*PROBLEM REQUIREMENTS*
Once you find the line with "Plato de cartón" in the data below, transcribe exactly each line from there to the line with "2月8日,冠军捷克选手马德罗", inclusive, and nothing else. Drop the pictures.

(Collected data)
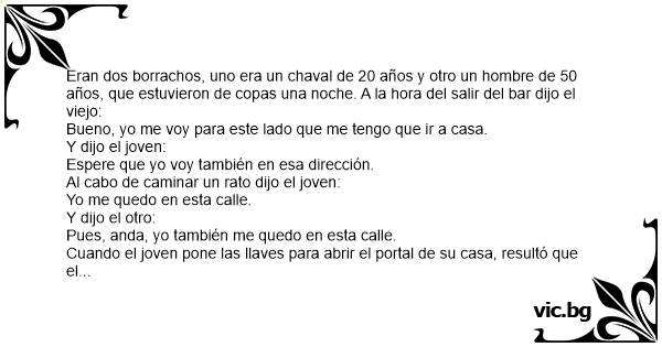 Eran dos borrachos, uno era un chaval de 20 años y otro un hombre de 50 años, que estuvieron de copas una noche. A la hоrа del salir del bar dijo el viejo:
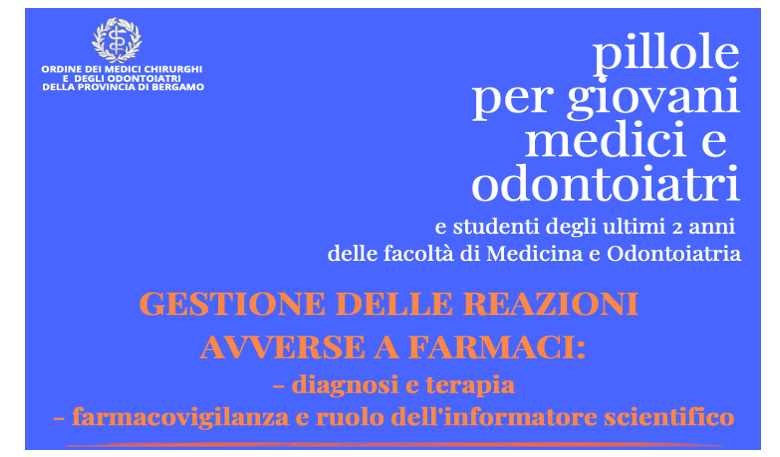 A Bergamo presso l’Ordine dei Medici della provincia si terrà il convegno dal titolo “Gestione delle Reazioni Avverse ai Farmaci” – Diagnosi, terapia, farmacovigilamza e ruolo dell’informatore scientifico.
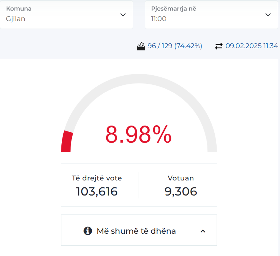 Në Komunën e Gjilanit deri në ora 11:00, nga 103 mijë e 616 qytetarë me të drejtë vote, kanë votuar 9306, apo 8.98 përqind.
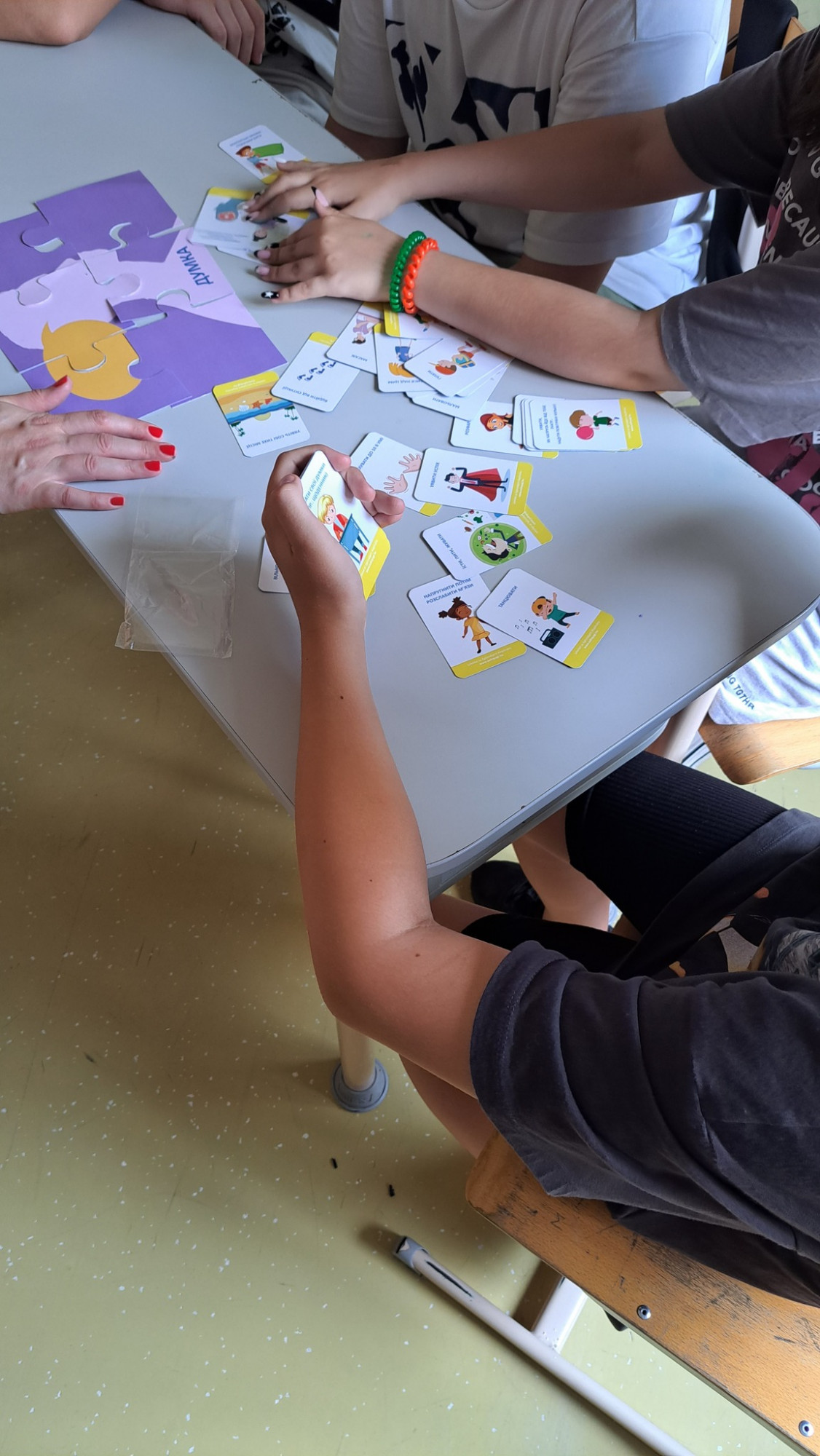 A nagyobbak érdeklődését is felkeltette a téma. Állandó szereplőnk, Feszültke papírra rajzolt sziluettje hamar megtelt stressztünetekkel, és okos gondolatokat osztottak meg egymással akkor is, amikor arról ötleteltünk, mit lehet tenni ezeknek a tüneteknek a kezelésére.
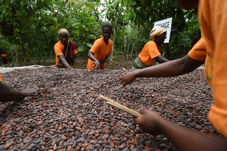 Séchage de fèves de cacao dans une plantation en Côte d'Ivoire: les cacao, pilier de la croissance ivoirienne (+5.5%), mais vulnérabilité aux prix mondiaux et au climat.
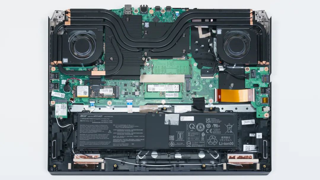上图是宏碁 掠夺者 战斧18的拆机实拍图,双风扇五热管的组合。
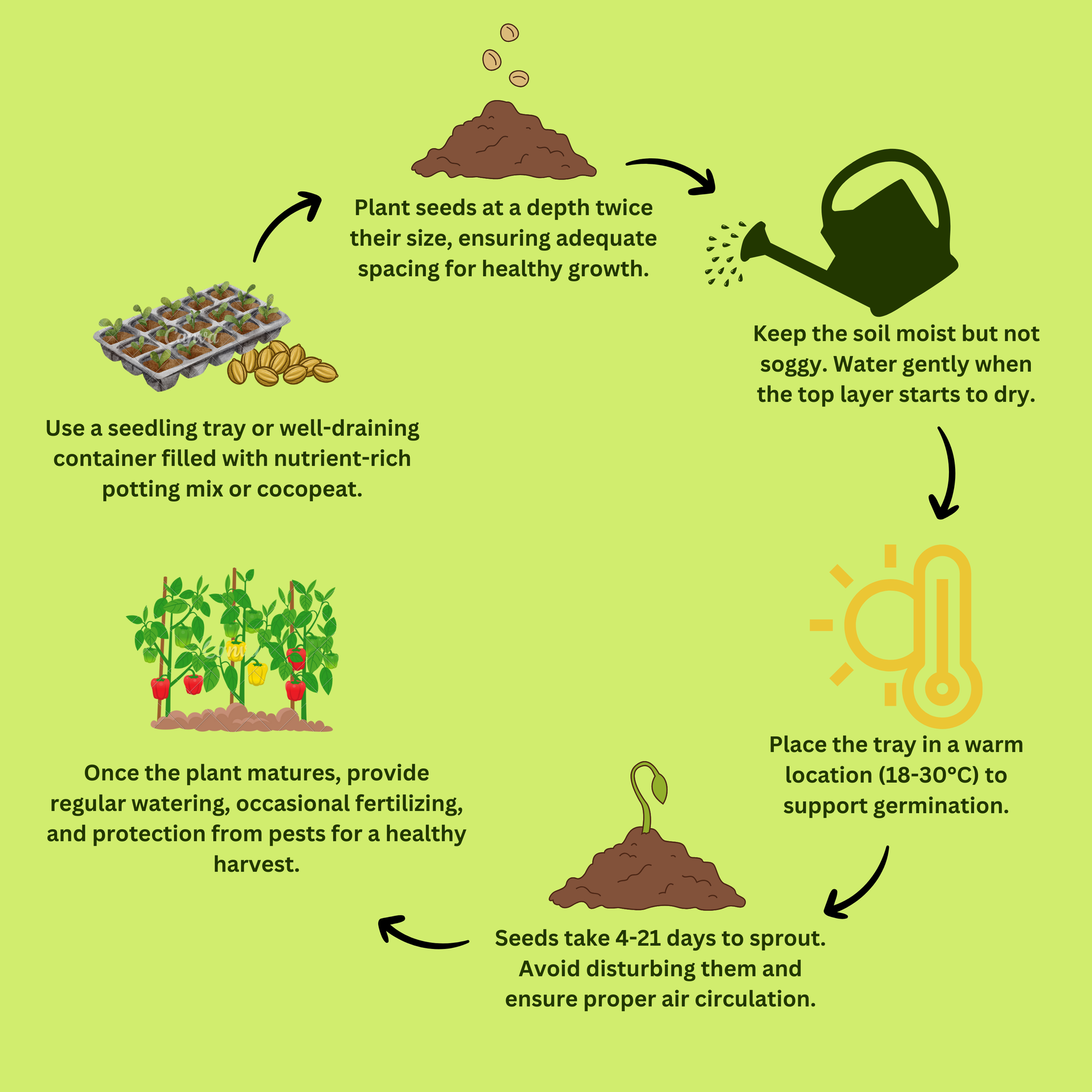 - Seeds typically germinate within 7-14 days in warm conditions.
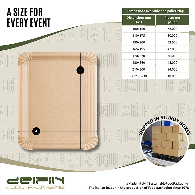 Plato de cartón Kraft rectangular desechable ecológico personalizable hecho en Italia diferentes tamaños listo para enviar
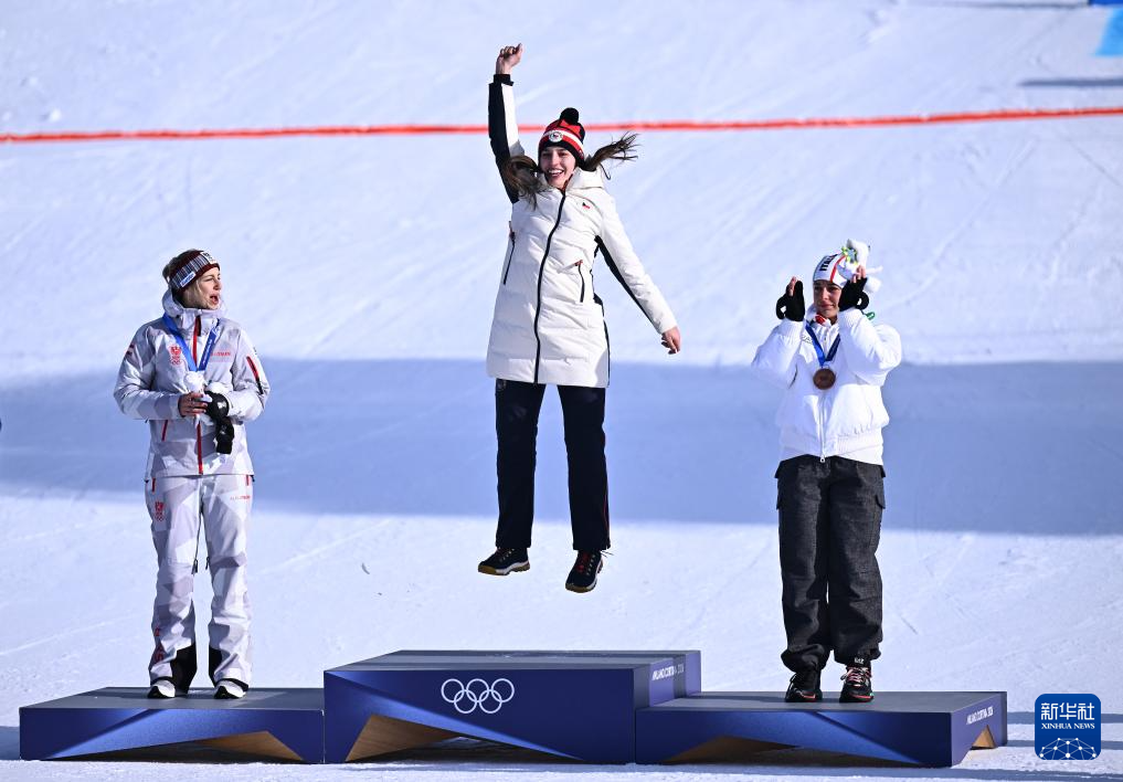 2月8日,冠军捷克选手马德罗娃(中)、亚军奥地利选手帕耶尔(左)、季军意大利选手达尔马索在颁奖仪式上。
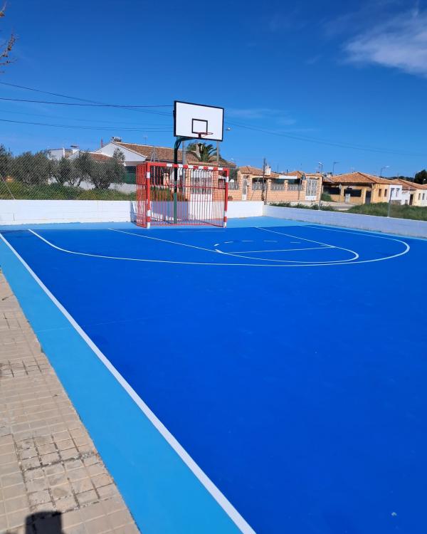 Desde el Ayuntamiento de Requena informan de que la pista multideporte de Los Cojos, situada junto al centro social, luce ya completamente renovada tras la finalización de los trabajos de mejora impulsados por el consistorio.
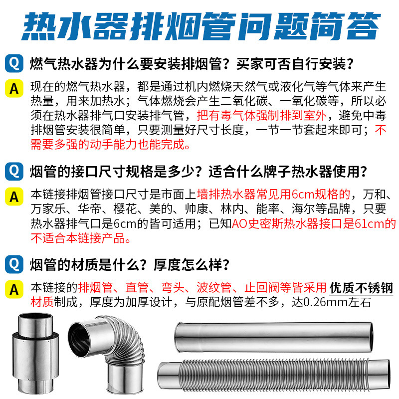 Gas water heater smoke exhaust pipe exhaust pipe thickened lengthened stainless steel 6cm lengthened flue pipe smoke pipe fittings
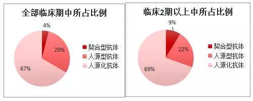 3类抗体在所有ADC临床及上市药物中以及在2期以后药物中所占比例如下图所示。由此可见,人源化抗体更受欢迎,这是由于其性价比高造成的。

*RESPONSE AREA*
 Plato de cartón Kraft rectangular desechable ecológico personalizable hecho en Italia diferentes tamaños listo para enviar
 2月8日,冠军捷克选手马德罗娃(中)、亚军奥地利选手帕耶尔(左)、季军意大利选手达尔马索在颁奖仪式上。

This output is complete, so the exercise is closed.